1 second keeps the user's flow of thought seamless. Users can sense a
delay, and thus know the computer is
generating the outcome, but they still
feel in control of the overall
experience and that they're moving
freely rather than waiting on the
computer. This degree of
responsiveness is needed for good
navigation.
10 seconds keeps the user's attention. From 1–10 seconds, users
definitely feel at the mercy of the
computer and wish it was faster, but
they can handle it. After 10 seconds,
they start thinking about other
things, making it harder to get their
brains back on track once the computer
finally does respond.
A 10-second delay will often make
users leave a site immediately. And
even if they stay, it's harder for
them to understand what's going on,
making it less likely that they'll
succeed in any difficult tasks.
As a rule of thumb, think that you always should aim for a balance of optimization time vs time gained. Don't spend days optimizing the hell out of one routine when your images aren't compressed correctly, or your scripts/css not combined. Yes, faster is better, but a 90% gain in generating the page by setting up a smart cache beats a 10% gain after one week tweaking the algorithm.

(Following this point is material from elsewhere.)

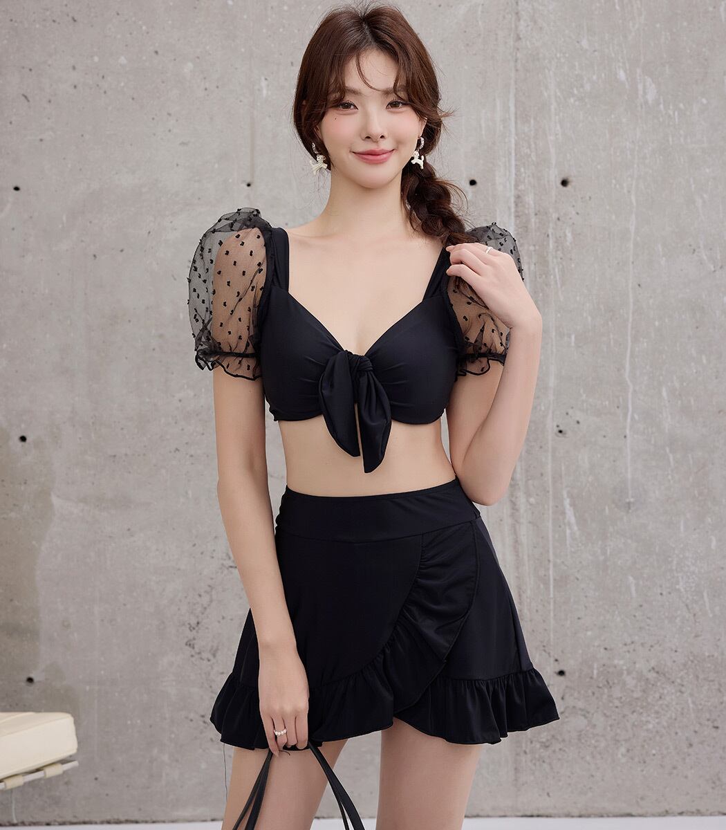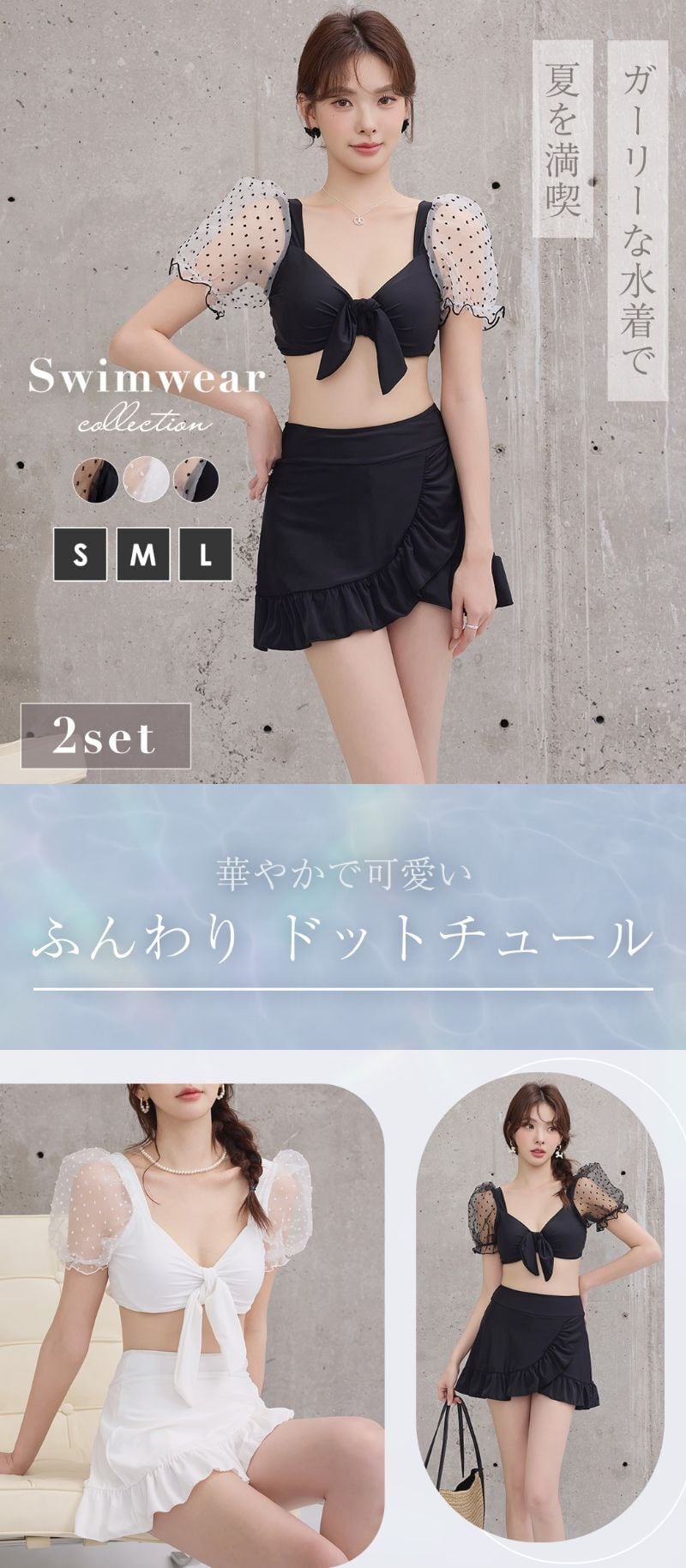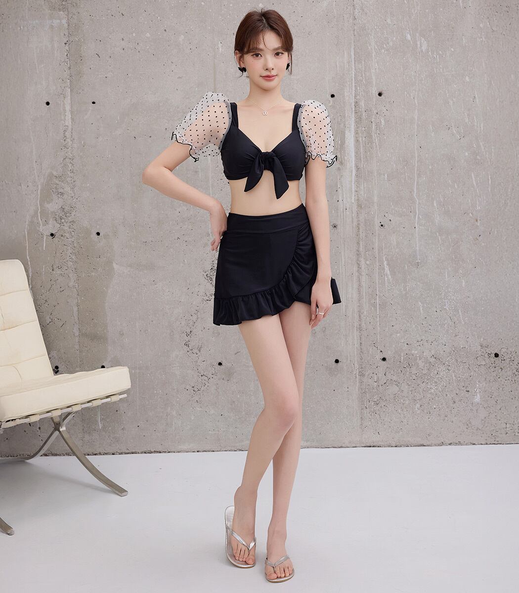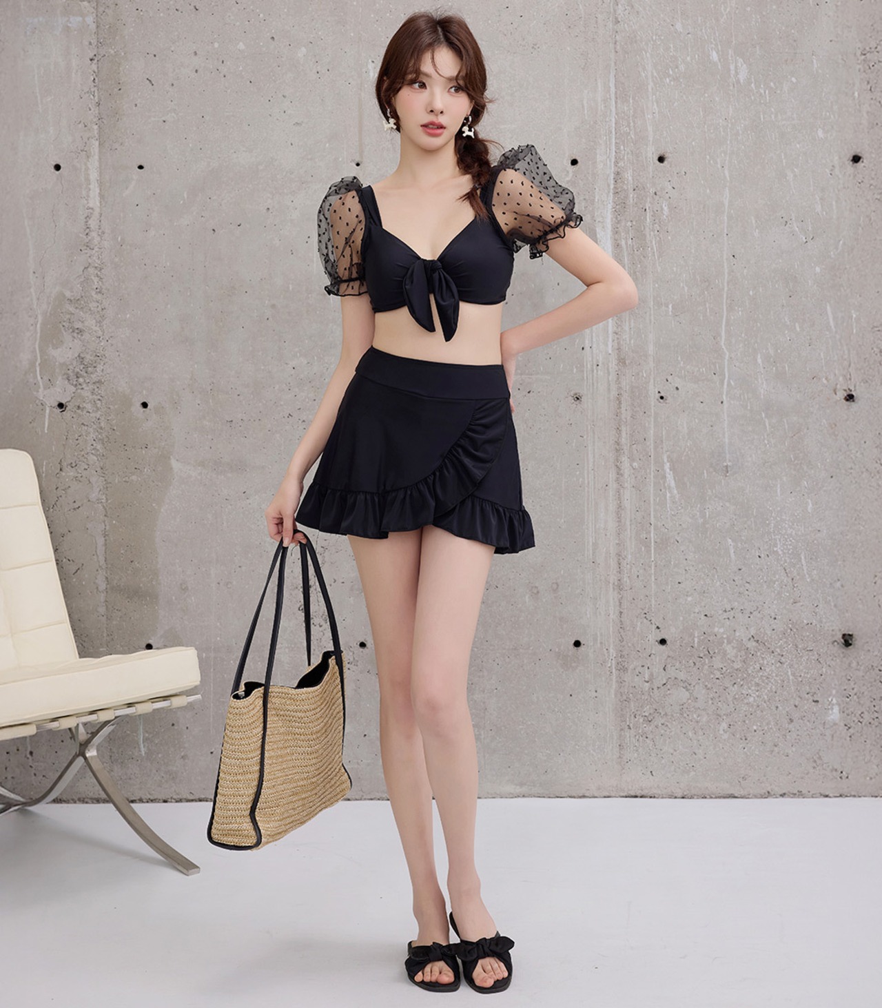 リボンと透け感パフスリーブが可愛いブラとフリルスカートで女性らしく可愛さ満点のビキニ♪
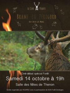 L’association ACAPEC de Thenon pour la protection du Causse organise une soirée sur la forêt à la salle des fêtes de Thenon. le samedi 14 octobre à 19h. Le film « Brame en Périgord » sera diffusé et on parlera de faune sauvage et évidemment de forêt!

Also don't look too much into the first-render-time when the framework has to load everything, but use stress-testing, cached or not, to simulate various situations.
Now, some data; some of the latest sites i worked on used DotNetNuke, a huge open-source CMS, and Asp.Net MVC where you nearer to the metal. Average page time with average db queries was 600-700 milliseconds for DotNetNuke. For Asp.net MVC, it's 70-100 milliseconds... Users really like the second one :)

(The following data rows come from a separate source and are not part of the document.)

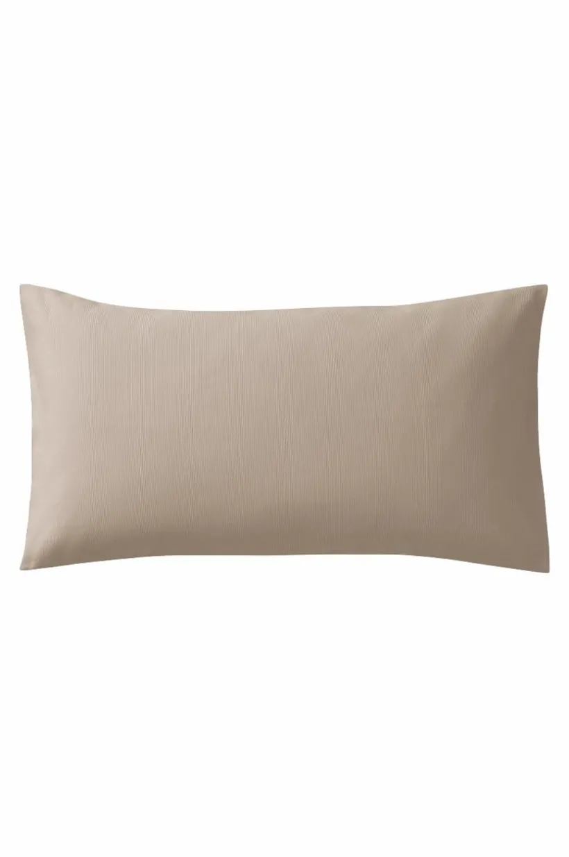 1-pack kuddfodral i smidigt, stickad bomull, bekvämt och tidlöst. Sticksättet ger ett smalrandigt mönster ton i ton, med diskret, ribbad struktur. Det behagliga tyget har en gramvikt på 400 g/m². Kuddfodralet har omlottöppning.
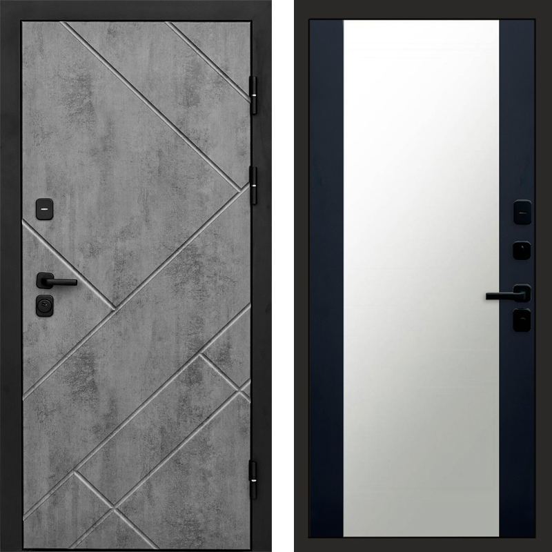 Входная дверь Termo-door Стоун Бетон - Зеркало Черный кварц+тонировка
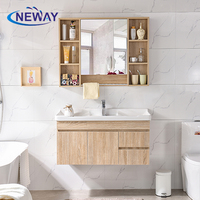 Tocador de baño moderno para el hogar con lavabo de cerámica montado en la pared de melamina
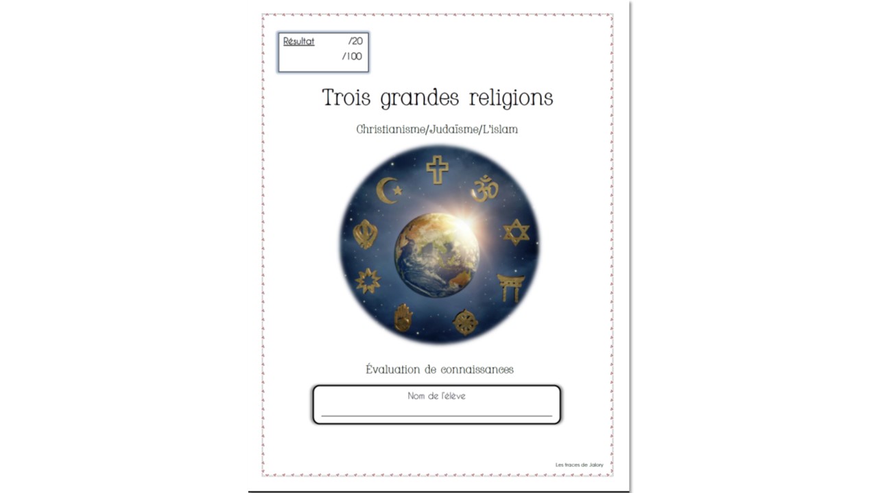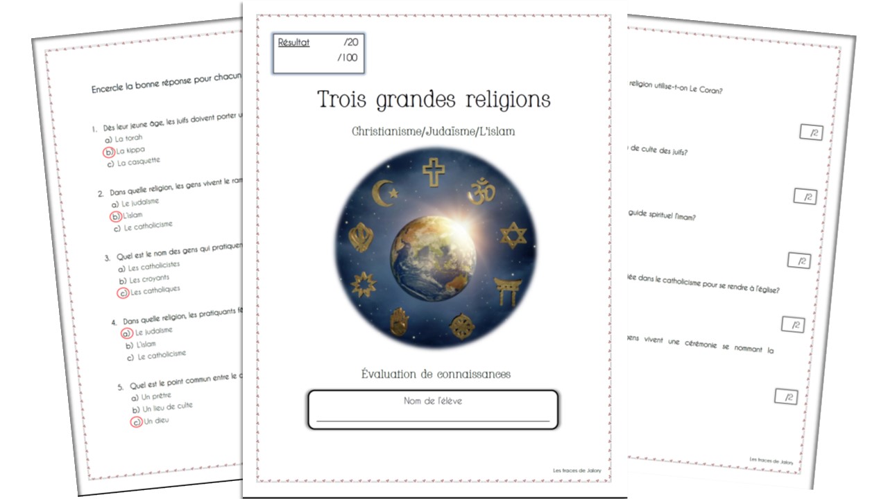 Cette évaluation à choix de réponses porte sur trois grandes religions à l’étude du programme d’éthique et culture religieuse : le christianisme, l’islam et le judaïsme. Un corrigé vous est fourni.

There's no 'right' answer to this - the faster the better. Personally I normally aim for < 200ms, although I know from experience that it can be quite difficult to achieve this in Rails on anything but simple apps. Try and figure out where your bottlenecks are and cache what you can.
Edit: There seems to be some confusion between page generation time and page render time. Obviously a quick page render is the goal, and on most sites doing things like reducing HTTP requests, gzipping CSS/JS are where you can get most of your quick wins. But if the page itself can take 4-5 seconds to generate, then you're probably right that your app is where you should start.
It depends on whether nothing is displayed for 2.5-4 seconds, or that the user already sees (a part of) the page from the start, and it finishes loading completely after 2.5-4 seconds. In that case the user doesn't experience a 2.5-4 second load. Take the http://www.nytimes.com/ website; I see most of it right away, but according to the Web Inspector it takes 1.94 seconds for it to be loaded completely.
And keep in mind that the speed will also depend on the browser, computer, internet connection. What's fast for you might be slower for others.
Measure your apdex score and see how it is performing. That will give you a rough indiciation. From there, you can decide how you want to increase performance.
It also depends on what your site is; an system application for a business or software as a service (SaaS)? If it's a system application, the users are forced to use it to performance can be negotiated. If it is a SaaS, then the higher your apdex score, the more chance you have of losing your user's interest.
There are a few gems out there that measure performance and report on what your apdex is.
Here's a little more info: http://apdex.org/blog/?p=630
My personal rule - no page should take more than 0.05 seconds, or you are in troubles.
As long as you write proper code, you don't need to spend much time on optimization to stay under 0.05.
If you stick to giant frameworks, then you are out of luck.